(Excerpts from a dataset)
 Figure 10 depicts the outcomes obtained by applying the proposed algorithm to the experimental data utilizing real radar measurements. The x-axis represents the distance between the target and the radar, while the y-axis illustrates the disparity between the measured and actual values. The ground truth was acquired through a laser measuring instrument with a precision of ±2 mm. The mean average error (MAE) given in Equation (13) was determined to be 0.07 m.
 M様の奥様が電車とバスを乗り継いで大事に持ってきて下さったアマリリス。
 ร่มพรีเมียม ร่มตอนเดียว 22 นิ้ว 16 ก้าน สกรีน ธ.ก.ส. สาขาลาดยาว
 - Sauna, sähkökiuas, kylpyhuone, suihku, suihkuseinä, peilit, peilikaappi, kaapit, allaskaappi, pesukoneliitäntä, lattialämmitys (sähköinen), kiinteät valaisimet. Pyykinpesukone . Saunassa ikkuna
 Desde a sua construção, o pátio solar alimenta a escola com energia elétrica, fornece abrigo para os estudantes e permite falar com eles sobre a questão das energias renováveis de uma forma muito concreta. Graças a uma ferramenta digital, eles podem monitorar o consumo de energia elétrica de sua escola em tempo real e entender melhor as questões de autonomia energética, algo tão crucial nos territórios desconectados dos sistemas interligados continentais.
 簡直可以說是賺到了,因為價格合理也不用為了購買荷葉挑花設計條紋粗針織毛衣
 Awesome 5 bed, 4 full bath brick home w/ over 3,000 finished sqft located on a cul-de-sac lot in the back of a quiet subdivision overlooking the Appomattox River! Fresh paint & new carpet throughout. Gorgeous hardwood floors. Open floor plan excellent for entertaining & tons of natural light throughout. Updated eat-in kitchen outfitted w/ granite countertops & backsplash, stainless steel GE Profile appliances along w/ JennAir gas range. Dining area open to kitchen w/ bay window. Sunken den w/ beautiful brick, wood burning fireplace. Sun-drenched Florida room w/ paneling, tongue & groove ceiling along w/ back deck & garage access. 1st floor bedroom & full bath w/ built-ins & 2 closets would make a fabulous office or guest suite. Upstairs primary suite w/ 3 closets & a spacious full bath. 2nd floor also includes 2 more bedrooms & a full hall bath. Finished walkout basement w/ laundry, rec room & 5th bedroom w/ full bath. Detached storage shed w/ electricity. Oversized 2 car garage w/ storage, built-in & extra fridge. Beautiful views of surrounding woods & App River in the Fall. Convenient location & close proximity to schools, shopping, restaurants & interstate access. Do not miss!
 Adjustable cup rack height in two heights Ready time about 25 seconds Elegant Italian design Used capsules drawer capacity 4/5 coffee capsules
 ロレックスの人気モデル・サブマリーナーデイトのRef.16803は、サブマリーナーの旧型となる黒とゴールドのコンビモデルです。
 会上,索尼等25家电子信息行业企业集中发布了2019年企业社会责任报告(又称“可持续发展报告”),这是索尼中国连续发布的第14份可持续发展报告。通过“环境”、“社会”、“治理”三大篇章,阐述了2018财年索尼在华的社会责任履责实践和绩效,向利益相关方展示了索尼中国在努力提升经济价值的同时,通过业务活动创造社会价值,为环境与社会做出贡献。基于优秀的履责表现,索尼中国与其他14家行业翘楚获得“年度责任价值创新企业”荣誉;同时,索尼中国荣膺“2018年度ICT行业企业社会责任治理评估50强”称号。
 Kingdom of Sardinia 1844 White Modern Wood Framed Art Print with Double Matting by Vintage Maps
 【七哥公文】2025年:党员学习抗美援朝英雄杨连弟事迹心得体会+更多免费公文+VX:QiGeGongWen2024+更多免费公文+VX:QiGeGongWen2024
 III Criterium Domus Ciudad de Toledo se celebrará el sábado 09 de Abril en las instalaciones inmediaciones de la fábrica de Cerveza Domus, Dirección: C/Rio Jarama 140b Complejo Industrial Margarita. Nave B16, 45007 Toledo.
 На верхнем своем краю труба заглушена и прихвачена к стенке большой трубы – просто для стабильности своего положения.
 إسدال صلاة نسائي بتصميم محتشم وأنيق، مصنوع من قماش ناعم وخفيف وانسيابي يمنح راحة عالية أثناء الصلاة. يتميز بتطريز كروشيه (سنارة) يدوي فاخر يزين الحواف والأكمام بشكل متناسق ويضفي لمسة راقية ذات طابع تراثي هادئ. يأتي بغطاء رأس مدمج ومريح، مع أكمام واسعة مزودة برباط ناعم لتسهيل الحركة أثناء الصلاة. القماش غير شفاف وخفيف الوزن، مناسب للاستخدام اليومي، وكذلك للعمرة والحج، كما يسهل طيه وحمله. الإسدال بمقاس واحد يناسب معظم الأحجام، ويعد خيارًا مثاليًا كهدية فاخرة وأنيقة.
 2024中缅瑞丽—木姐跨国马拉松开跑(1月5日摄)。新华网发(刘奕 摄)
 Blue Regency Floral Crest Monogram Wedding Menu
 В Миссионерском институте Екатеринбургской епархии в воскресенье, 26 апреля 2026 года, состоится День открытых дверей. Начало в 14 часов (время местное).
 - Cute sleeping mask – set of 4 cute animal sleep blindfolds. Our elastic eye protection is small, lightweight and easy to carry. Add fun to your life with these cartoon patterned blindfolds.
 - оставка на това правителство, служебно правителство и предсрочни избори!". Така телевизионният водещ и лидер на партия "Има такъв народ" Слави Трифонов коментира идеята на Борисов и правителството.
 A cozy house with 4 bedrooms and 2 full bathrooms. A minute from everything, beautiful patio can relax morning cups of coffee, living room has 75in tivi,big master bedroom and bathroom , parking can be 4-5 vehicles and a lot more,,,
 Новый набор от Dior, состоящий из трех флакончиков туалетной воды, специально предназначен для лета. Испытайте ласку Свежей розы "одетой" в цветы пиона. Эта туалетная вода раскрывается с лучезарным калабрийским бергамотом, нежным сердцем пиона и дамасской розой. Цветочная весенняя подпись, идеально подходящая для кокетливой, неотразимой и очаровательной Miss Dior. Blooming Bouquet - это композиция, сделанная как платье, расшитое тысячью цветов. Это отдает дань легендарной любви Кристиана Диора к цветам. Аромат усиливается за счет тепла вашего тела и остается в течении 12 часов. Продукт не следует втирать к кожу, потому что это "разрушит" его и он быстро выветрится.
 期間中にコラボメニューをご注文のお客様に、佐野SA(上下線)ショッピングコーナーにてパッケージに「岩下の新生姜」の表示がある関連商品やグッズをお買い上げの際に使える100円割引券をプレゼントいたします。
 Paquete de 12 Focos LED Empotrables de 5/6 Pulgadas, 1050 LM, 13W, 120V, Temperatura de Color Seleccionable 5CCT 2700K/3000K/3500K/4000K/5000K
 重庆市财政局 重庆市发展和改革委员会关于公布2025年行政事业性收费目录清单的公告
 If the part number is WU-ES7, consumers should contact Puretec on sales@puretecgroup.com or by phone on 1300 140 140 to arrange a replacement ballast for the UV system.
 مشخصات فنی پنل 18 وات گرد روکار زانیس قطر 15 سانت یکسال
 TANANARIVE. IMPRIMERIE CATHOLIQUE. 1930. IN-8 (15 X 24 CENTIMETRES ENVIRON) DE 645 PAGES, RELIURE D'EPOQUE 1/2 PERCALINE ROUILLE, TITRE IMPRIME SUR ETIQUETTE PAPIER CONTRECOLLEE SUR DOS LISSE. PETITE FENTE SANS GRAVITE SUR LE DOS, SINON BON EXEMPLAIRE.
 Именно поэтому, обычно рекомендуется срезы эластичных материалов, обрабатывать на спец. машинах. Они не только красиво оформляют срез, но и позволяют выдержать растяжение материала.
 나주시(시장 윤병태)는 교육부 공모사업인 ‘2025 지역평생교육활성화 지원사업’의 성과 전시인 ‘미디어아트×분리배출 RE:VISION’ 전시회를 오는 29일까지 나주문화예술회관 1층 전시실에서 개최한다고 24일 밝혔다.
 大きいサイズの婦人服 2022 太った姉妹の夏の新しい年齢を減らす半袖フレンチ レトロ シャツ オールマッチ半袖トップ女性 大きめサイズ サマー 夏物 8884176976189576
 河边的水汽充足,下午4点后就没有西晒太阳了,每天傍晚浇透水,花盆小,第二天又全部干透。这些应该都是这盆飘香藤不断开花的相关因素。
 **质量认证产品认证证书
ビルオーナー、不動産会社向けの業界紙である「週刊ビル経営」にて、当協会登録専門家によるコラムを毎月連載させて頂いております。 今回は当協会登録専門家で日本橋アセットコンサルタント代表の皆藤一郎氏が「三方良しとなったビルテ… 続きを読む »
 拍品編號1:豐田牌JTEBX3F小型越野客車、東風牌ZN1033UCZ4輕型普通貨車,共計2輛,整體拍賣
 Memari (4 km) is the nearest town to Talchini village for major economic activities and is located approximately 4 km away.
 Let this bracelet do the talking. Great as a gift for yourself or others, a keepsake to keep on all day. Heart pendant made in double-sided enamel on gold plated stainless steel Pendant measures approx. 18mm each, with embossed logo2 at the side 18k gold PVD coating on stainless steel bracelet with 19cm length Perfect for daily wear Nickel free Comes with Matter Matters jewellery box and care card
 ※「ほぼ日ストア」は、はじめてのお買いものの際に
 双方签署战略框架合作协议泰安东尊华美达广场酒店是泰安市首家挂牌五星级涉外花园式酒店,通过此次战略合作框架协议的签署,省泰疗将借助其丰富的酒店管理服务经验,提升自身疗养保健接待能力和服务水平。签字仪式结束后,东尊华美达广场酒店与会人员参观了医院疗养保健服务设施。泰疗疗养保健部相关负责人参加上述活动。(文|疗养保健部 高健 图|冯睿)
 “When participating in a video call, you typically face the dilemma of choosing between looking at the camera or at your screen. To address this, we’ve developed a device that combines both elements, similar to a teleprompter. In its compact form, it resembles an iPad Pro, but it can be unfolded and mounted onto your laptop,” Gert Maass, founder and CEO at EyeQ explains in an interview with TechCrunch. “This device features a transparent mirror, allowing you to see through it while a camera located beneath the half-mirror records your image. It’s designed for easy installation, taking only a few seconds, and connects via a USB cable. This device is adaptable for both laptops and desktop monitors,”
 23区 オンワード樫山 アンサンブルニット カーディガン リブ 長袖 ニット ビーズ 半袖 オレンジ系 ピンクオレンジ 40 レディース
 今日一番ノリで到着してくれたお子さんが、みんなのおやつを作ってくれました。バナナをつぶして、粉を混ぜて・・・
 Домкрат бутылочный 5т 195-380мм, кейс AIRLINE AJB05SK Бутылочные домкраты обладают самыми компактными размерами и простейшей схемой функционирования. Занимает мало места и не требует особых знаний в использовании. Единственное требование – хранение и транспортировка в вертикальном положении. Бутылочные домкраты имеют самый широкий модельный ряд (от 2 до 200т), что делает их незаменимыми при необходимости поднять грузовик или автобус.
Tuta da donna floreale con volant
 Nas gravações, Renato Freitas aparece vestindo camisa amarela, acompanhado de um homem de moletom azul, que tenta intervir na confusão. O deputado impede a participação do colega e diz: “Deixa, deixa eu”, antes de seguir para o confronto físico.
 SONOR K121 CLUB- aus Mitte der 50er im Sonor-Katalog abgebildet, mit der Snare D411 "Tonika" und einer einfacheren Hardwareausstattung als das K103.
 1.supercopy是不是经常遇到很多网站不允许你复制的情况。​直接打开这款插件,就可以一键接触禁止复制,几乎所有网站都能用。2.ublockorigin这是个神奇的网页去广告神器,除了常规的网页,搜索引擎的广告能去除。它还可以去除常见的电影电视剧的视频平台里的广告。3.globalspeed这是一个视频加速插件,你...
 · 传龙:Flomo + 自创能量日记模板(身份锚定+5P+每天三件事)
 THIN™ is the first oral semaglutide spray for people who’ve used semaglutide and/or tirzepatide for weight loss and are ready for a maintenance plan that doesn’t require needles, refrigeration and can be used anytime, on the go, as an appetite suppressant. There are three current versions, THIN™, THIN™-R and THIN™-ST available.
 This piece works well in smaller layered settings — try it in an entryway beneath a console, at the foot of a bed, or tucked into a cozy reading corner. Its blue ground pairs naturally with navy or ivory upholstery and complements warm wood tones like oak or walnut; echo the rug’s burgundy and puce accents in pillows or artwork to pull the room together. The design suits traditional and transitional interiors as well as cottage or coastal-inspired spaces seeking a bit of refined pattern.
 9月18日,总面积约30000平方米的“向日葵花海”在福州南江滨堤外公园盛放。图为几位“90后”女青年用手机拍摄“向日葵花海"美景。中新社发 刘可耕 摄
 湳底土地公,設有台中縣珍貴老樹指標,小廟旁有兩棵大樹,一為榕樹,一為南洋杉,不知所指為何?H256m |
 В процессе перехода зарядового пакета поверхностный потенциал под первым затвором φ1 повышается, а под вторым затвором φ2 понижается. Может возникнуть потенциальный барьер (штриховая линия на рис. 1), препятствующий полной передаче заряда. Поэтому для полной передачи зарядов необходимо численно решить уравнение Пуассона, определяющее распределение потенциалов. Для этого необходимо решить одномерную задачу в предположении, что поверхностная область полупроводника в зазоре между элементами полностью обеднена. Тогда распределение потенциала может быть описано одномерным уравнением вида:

## About this exercise
What is needed is a word-for-word restatement of every line from the one with "This piece works" to the end of the entries above.

## Solution to this exercise
 This piece works well in smaller layered settings — try it in an entryway beneath a console, at the foot of a bed, or tucked into a cozy reading corner. Its blue ground pairs naturally with navy or ivory upholstery and complements warm wood tones like oak or walnut; echo the rug’s burgundy and puce accents in pillows or artwork to pull the room together. The design suits traditional and transitional interiors as well as cottage or coastal-inspired spaces seeking a bit of refined pattern.
 9月18日,总面积约30000平方米的“向日葵花海”在福州南江滨堤外公园盛放。图为几位“90后”女青年用手机拍摄“向日葵花海"美景。中新社发 刘可耕 摄
 湳底土地公,設有台中縣珍貴老樹指標,小廟旁有兩棵大樹,一為榕樹,一為南洋杉,不知所指為何?H256m |
 В процессе перехода зарядового пакета поверхностный потенциал под первым затвором φ1 повышается, а под вторым затвором φ2 понижается. Может возникнуть потенциальный барьер (штриховая линия на рис. 1), препятствующий полной передаче заряда. Поэтому для полной передачи зарядов необходимо численно решить уравнение Пуассона, определяющее распределение потенциалов. Для этого необходимо решить одномерную задачу в предположении, что поверхностная область полупроводника в зазоре между элементами полностью обеднена. Тогда распределение потенциала может быть описано одномерным уравнением вида:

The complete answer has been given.